VisAge is a comprehensive machine learning project focused on gender and age classification from facial images using the Adience Benchmark dataset. The project explores traditional machine learning and deep learning approaches, compares different feature extraction techniques, and includes a real-time camera application for age and gender prediction.
You can see the project report here.
- Complete data exploration and preprocessing pipeline for the Adience dataset
- Feature extraction using ResNet50 and PCA
- Implementation of various classification models:
- Traditional ML: Softmax, SVM, Random Forest, AdaBoost, KNN
- Neural Networks: MLP, CNN
- Parallel processing pipelines for RGB and grayscale images
- Extensive model evaluation and performance analysis
- Research on model fairness across different demographics
- Real-time camera application for age and gender prediction
The project uses the Adience Benchmark dataset for gender and age classification, which contains:
- ~19,000 face images of 2,284 subjects
- Age labels across 8 ranges: (0-2), (4-6), (8-12), (15-20), (25-32), (38-43), (48-53), (60+)

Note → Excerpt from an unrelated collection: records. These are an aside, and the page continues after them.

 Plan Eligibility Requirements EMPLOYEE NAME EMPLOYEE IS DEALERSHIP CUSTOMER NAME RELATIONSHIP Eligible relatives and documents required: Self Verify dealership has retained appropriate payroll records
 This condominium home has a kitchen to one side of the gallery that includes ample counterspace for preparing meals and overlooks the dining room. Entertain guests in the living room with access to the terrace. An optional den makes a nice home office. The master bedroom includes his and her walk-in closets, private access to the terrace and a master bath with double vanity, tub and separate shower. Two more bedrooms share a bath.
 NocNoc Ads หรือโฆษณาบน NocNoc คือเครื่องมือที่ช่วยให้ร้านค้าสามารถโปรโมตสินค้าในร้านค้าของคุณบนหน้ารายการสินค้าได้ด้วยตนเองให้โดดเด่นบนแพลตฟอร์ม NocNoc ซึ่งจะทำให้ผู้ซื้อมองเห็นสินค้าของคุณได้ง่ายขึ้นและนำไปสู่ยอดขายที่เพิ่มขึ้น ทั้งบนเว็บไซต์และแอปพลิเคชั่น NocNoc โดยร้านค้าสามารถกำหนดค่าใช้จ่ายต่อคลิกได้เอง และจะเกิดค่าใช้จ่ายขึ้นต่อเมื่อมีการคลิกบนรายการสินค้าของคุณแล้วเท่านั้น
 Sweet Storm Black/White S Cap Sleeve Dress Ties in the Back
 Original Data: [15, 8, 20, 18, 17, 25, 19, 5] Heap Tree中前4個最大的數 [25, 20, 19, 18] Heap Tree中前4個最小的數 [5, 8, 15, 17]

- Gender labels: Male, Female
- Various lighting conditions, poses, and image quality
VisAge/
├── data_exploration.ipynb # Dataset analysis and preprocessing
├── img2vec.py # Feature extraction using ResNet50
├── grayscale_models.ipynb # Models trained on grayscale images
├── rgb_models.ipynb # Models trained on RGB images
├── questions/
│ └── q1.ipynb # Analysis of model fairness across demographics
├── old_models/ # Earlier model implementations
├── camera-viewer-app/ # Real-time age and gender classification application
│ ├── src/
│ │ ├── main.py # Application entry point
│ │ ├── ui/ # User interface components
│ │ └── utils/ # Utility functions
│ └── models/ # Pre-trained models
└── docs/ # Project report and documentation
- Python 3.7+
- CUDA-compatible GPU (recommended for faster training)
- Clone the repository:
git clone https://github.com/ShayGali/VisAge.git- Create a virtual environment:
python -m venv venv
# for Windows
.\venv\Scripts\activate
# for MacOS/Linux
source venv/bin/activate- Install dependencies:
pip install -r requirements.txt- Download the dataset:
- Go to Adience dataset on Kaggle
- Download and extract to the
datafolder - Go to UTKFace dataset on Kaggle
- Download and extract to the
datafolder
Run the data exploration notebook to preprocess the dataset:
jupyter notebook data_exploration.ipynbExecute the notebooks to train and evaluate models:
jupyter notebook rgb_models.ipynb
jupyter notebook grayscale_models.ipynbRun the real-time age and gender classification application:
cd camera-viewer-app
python src/main.py| Model | Test Accuracy |
|---|---|
| MLP | 34.78% |
| CNN | 32.98% |
| Softmax | 32.37% |
| Random Forest | 32.18% |
| AdaBoost | 31.62% |
| KNN (k=9) | 23.33% |
| SVM | 17.51% |
| Model | Test Accuracy |
|---|---|
| MLP | 32.29% |
| CNN | 31.53% |
| Random Forest | 31.67% |
| Softmax | 31.35% |
| AdaBoost | 26.50% |
| KNN (k=9) | 24.40% |
| SVM | 17.81% |
- Performance varies across racial groups, with generally lower accuracy for Black faces
- The Softmax model showed the most consistent performance across demographics
- Models work efficiently in real-time with standard webcam hardware
- Performance remains stable with varying lighting conditions and when subjects wear glasses
- Processing every 5th frame maintains good balance between performance and computational efficiency
- Gender classification is generally more accurate than age classification
- Most classification errors occur between adjacent age groups
- The MLP model demonstrated the best balance between accuracy and generalization
The real-time camera application detects faces and predicts age and gender using our best-performing model.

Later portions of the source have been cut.